Records
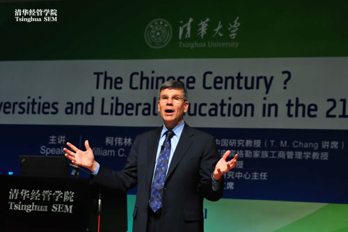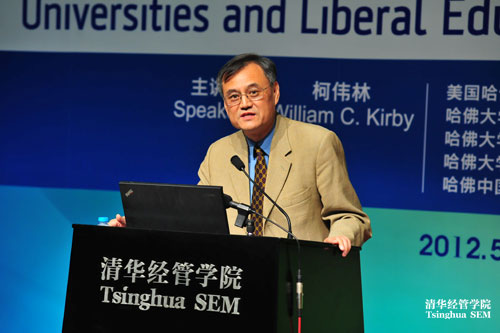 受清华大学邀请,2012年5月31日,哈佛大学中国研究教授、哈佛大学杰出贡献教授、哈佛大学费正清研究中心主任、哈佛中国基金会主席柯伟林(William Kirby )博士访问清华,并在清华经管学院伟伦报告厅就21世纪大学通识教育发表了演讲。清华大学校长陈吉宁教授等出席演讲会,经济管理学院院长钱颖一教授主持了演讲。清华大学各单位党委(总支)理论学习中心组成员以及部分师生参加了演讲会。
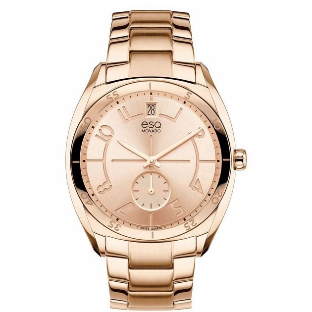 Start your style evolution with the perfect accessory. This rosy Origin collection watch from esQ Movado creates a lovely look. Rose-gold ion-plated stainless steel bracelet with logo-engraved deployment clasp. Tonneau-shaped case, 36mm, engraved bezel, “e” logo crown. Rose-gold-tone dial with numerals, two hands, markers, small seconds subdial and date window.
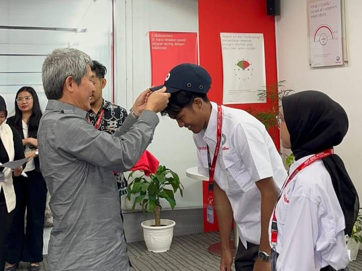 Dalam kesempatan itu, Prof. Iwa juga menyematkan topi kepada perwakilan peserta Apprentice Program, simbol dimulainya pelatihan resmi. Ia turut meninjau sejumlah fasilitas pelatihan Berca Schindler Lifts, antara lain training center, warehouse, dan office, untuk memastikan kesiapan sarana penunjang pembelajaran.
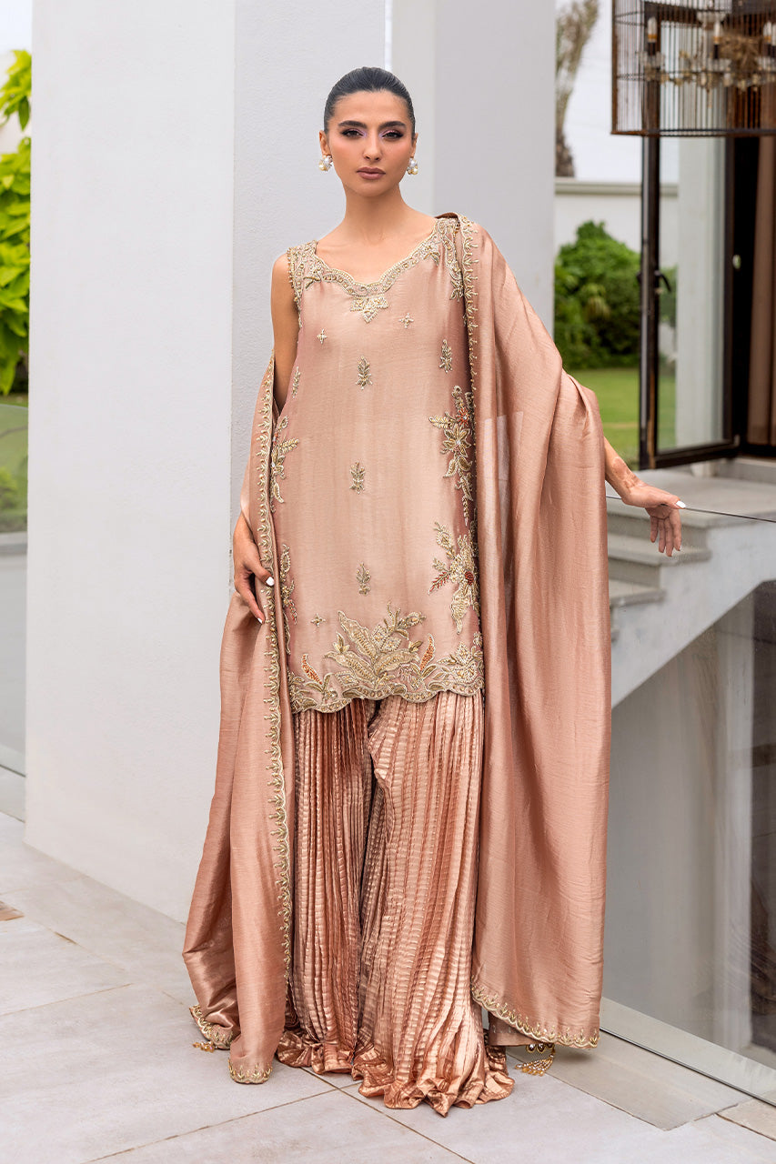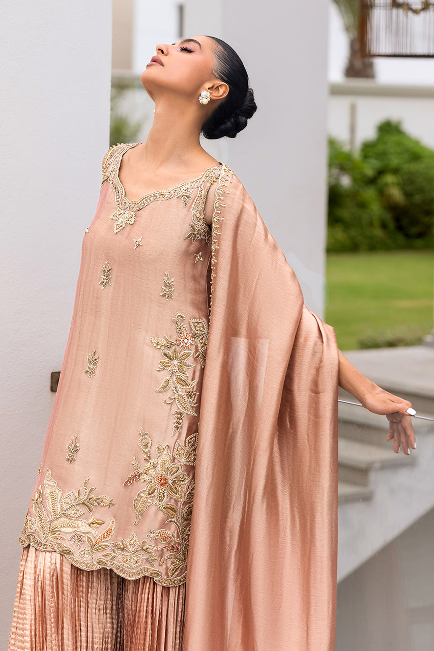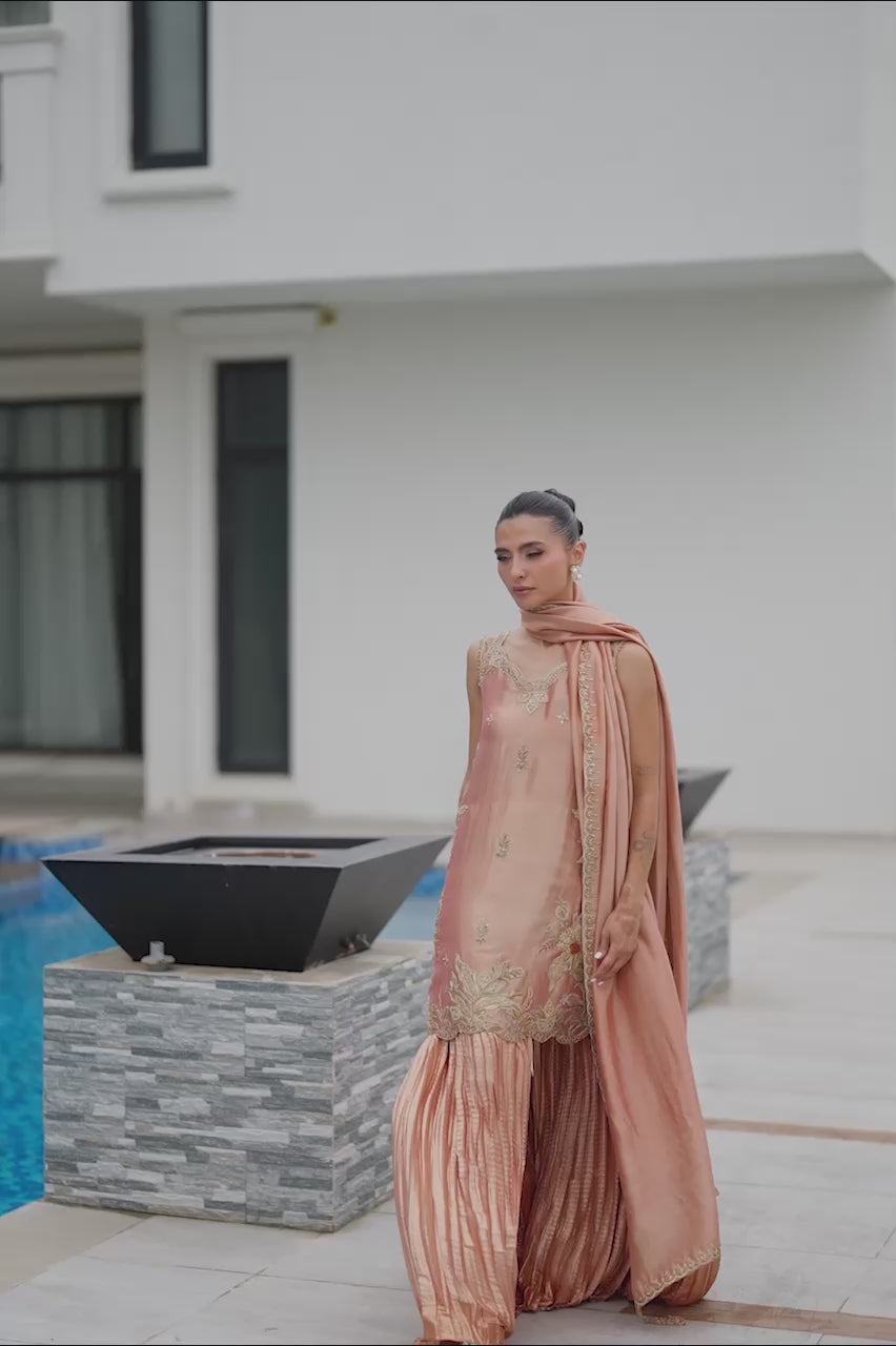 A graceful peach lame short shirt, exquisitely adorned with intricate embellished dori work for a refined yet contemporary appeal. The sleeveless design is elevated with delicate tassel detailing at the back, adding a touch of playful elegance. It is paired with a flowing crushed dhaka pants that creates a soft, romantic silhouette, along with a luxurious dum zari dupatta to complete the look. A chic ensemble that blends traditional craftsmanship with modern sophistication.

...

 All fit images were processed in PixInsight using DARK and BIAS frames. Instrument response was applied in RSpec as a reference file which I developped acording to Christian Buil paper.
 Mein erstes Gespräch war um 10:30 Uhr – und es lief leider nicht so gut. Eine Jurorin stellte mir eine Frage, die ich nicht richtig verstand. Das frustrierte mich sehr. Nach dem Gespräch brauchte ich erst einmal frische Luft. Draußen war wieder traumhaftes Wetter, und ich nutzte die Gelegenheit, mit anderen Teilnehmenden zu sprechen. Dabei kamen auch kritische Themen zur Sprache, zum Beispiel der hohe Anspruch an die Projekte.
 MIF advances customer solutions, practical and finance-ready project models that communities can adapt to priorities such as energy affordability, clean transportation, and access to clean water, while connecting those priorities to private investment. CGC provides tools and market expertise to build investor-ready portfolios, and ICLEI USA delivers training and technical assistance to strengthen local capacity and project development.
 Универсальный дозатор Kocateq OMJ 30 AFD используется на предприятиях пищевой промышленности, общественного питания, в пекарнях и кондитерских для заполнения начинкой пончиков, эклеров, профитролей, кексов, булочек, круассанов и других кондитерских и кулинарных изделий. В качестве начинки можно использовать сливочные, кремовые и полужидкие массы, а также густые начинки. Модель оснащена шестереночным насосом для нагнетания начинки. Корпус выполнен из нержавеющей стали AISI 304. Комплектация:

* * *

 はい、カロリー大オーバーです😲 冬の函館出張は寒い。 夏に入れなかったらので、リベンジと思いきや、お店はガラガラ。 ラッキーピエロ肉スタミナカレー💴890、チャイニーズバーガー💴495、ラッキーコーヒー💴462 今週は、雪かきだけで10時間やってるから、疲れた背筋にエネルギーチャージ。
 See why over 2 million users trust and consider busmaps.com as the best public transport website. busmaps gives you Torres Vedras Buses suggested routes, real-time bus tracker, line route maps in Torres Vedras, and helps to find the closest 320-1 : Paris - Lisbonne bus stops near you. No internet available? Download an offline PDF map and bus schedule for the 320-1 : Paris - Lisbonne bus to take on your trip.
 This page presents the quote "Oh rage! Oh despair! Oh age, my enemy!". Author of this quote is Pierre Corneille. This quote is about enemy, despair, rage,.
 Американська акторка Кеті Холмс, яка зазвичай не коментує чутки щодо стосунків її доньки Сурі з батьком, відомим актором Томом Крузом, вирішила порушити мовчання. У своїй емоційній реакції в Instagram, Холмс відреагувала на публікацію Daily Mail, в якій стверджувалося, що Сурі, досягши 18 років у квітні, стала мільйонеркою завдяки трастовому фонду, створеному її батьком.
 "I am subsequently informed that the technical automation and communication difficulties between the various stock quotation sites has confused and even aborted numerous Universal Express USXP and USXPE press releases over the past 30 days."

What the task asks
Your task is to copy each line of the material that contains the word "technical".

Answer below
 MIF advances customer solutions, practical and finance-ready project models that communities can adapt to priorities such as energy affordability, clean transportation, and access to clean water, while connecting those priorities to private investment. CGC provides tools and market expertise to build investor-ready portfolios, and ICLEI USA delivers training and technical assistance to strengthen local capacity and project development.
 "I am subsequently informed that the technical automation and communication difficulties between the various stock quotation sites has confused and even aborted numerous Universal Express USXP and USXPE press releases over the past 30 days."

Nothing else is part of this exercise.